Not sure if this is what you mean, but I'll give it a go.
If you consider the extrema to be the minima, you can say that an absolute minimum is always a relative minimum (because if it's not even a relative minimum, how can it be an absolute minimum?). That means that only relative minima are candidates for the absolute minimum. We could write: $$a = \min{(r_1,\ r_2,\ r_3,\ \ldots)},$$ where $a$ is the absolute minimum and $r_i$ is the $i$'th relative minimum. Hence, if we have only one minimum, we have: $$a = \min{(r_1)},$$ so that the absolute minimum automatically equals the relative minimum.

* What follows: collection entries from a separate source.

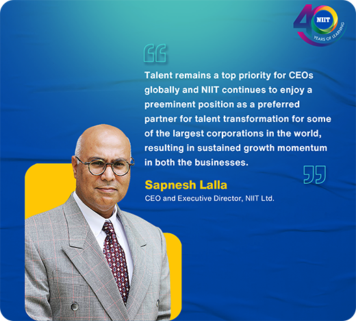 NIIT’S subsidiary, NIIT Institute of Finance, Banking and Insurance (NIIT IFBI) entered into partnerships with HDFC Bank and Kotak Mahindra Bank to build new age Digital Talent in fintech and data engineering roles for the banking industry. It also joined hands with Bajaj Finserv to scale up the reach of Bajaj Finserv's Certificate Program in Banking, Finance, and Insurance (CPBFI).
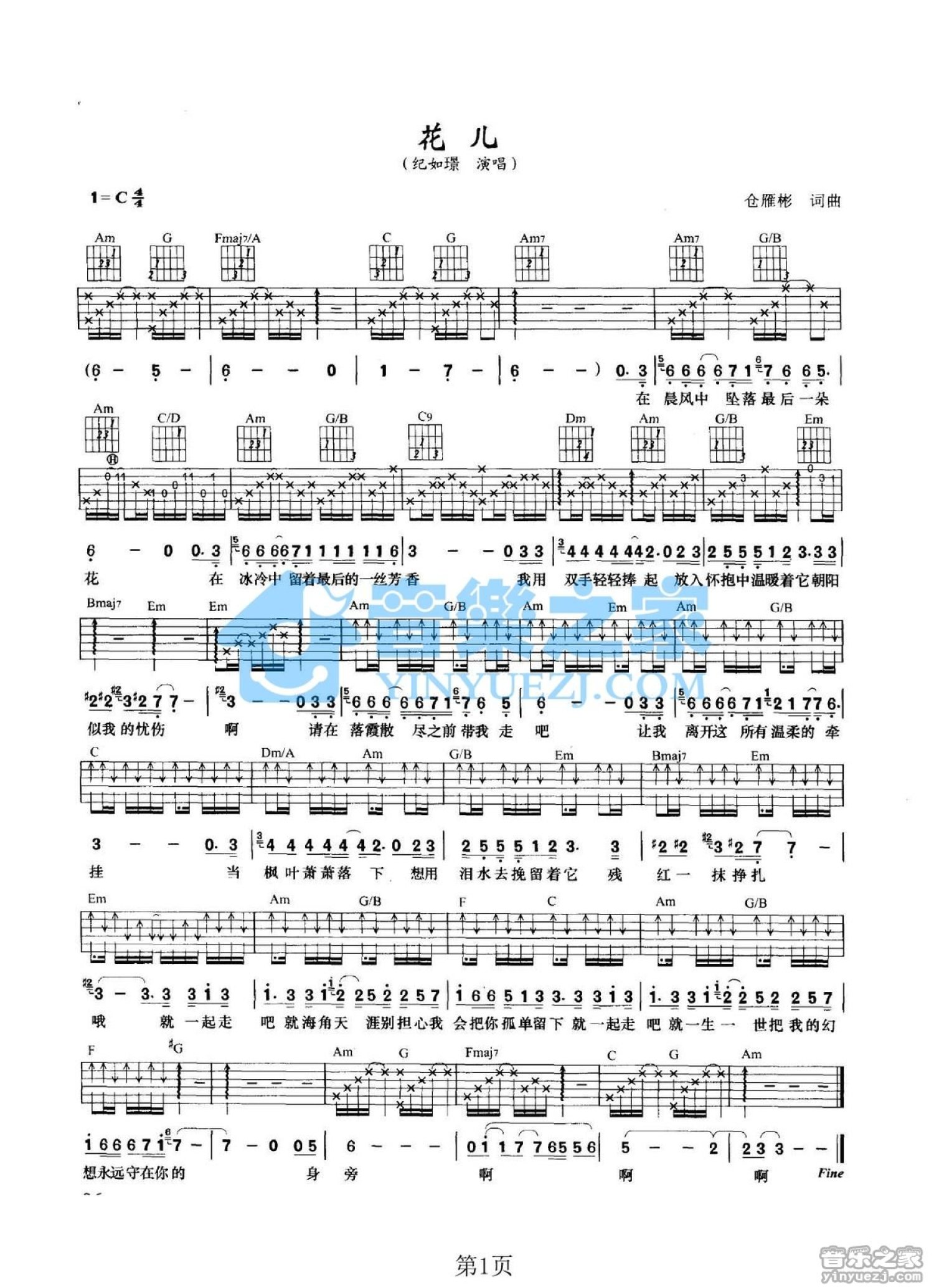 曲谱介绍: C调版纪如璟《花儿》吉他弹唱六线谱
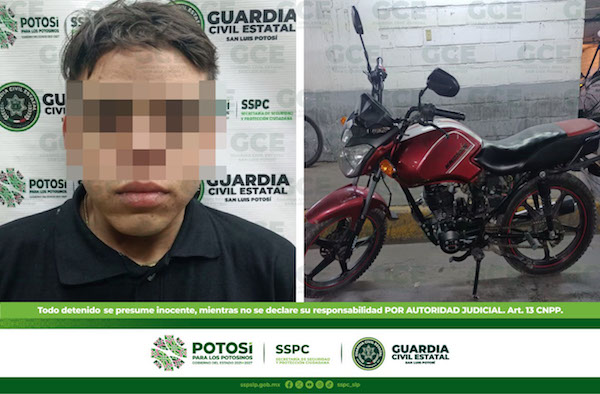 San Luis Potosí, S.L.P.- Mediante la reacción inmediata de la Guardia Civil Estatal ante el robo de una motocicleta, que fue reportada por la parte afectada al Sistema de Emergencias 911, los oficiales lograron la detención del presunto responsable; esta fue la sexta vez que las autoridades lo capturan por un probable delito similar.
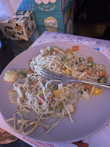 The meat was clumped together in thick layers of three, completely unseasoned on the inside, had a bad smell, and was so tough I had to spit some of it out. The noodles were covered in burnt crumbsāmost likely from the panāand were so bland they had almost no flavor at all. The vegetables felt more like scraps than actual ingredients.
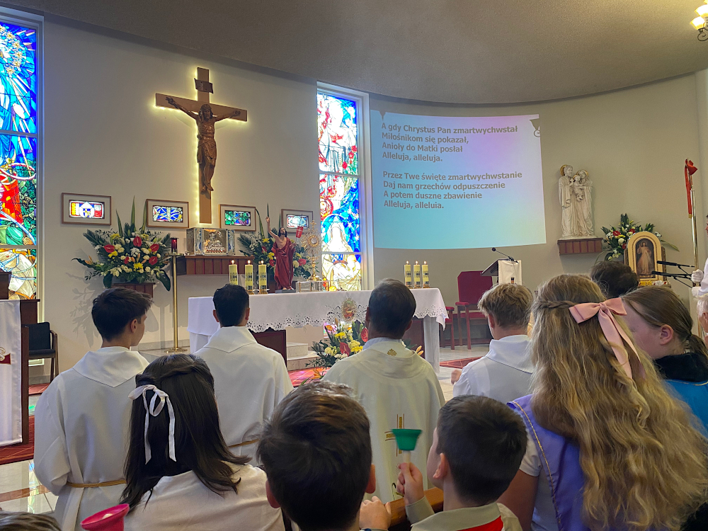 Procesja rezurekcyjna rozpoczęła się o 9.30. Wzięli w niej czynny udział licznie zgromadzenie wierni. Szczególnie odnotować należy udział dzieci i młodzieży, harcerek i harcerzy, przedstawicieli grup duszpasterskich. Po procesji rozpoczęła się koncelebrowana Msza św. Liturgii przewodniczył ks. Mariusz Han SJ, a współcelebransami byli ks. Tadeusz Rostworowski SJ, ks. Tomasz Szymczyk SJ i ks. Krystian Sowa SJ. Podczas homilii ks. Mariusz nawiązał do postawy apostołów rozczarowanych śmiercią swojego Mistrza na krzyżu. Nie takiego oczekiwali rozwiązania. Uważali, że Chrystus powinien zwyciężyć „politycznie”. „A myśmy się spodziewali …”. W tym kontekście ks. Mariusz podkreślił, że często w naszym życiu spodziewamy się, że nasze sprawy potoczą się zgodnie z naszymi wyobrażeniami. Tymczasem Pan Bóg zsyła nam inne rozwiązania, często wyglądające na „przegraną”.
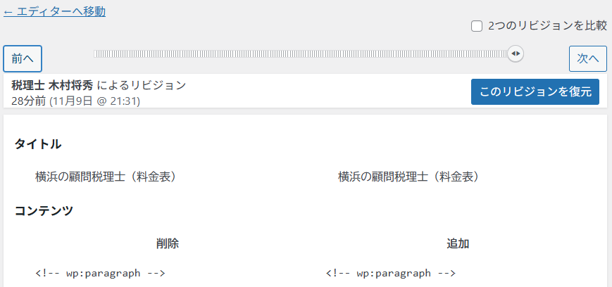 目当てのリビジョンが表示されたら、そこで「このリビジョンを復元」をクリックすれば、誤って古いバージョンで上書きする前のデータに戻せます。
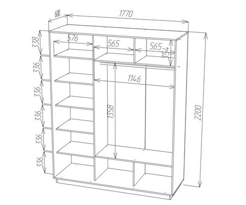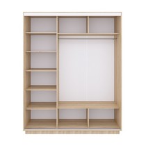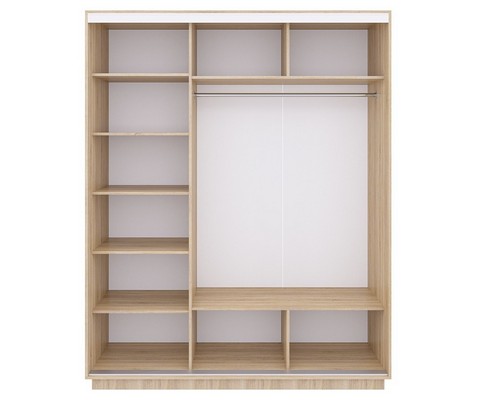 Шкаф-купе Ника-5 с алюминиевым профилем cонома без зеркал в дверях имеет 8 полок, 3 ниши, металлическую штангу для вешалок.

The case with maxima instead of minima is analogous.
suppose I is closed. if $x_0$ is a local maximum, then if it is not an absolute maximum $\exists x_1. f(x_1) \gt f(x_0)$. if $x_0 \ne \sup\{x | x \in I\}$ we may assume w.l.o.g $x_1 \gt x_0$
since $I'=[x_0,x_1]$ is compact $f$ attains a minimum value on $I'$, say at $x'$, contradicting the assumption that the extremum at $x_0$ is unique.
other cases can be dealt with by slight modification of the same argument
Suppose $x_0$ is a local maximum. Assume $x_0$ is not an absolute maximum. Then $\exists x_1 \in I$ with $f(x_1) > f(x_1)$. Let $I'$ be the closed interval from $x_0$ to $x_1$. Let $x'$ be the global minimum of $f$ on $I'$.
Then we can choose $x' \ne x_0$, as $x_0$ is a local maximum for $f$, so there is a small open interval $V$ about $x_0$ in $I$ with $f(v) \le f(x_0)$ for $v \in V$.
Also, clearly $x' \ne x_1$.
So, $x'$ is an interior global minimum point for $f$ on $I'$, so $x'$ is a local minimum for $f$ on $I'$ and hence for $f$ on $I$, contradicting the status of $x_0$ as the unique local extremum for $f$ on $I$.
The case for $x_0$ a local minimum is similar.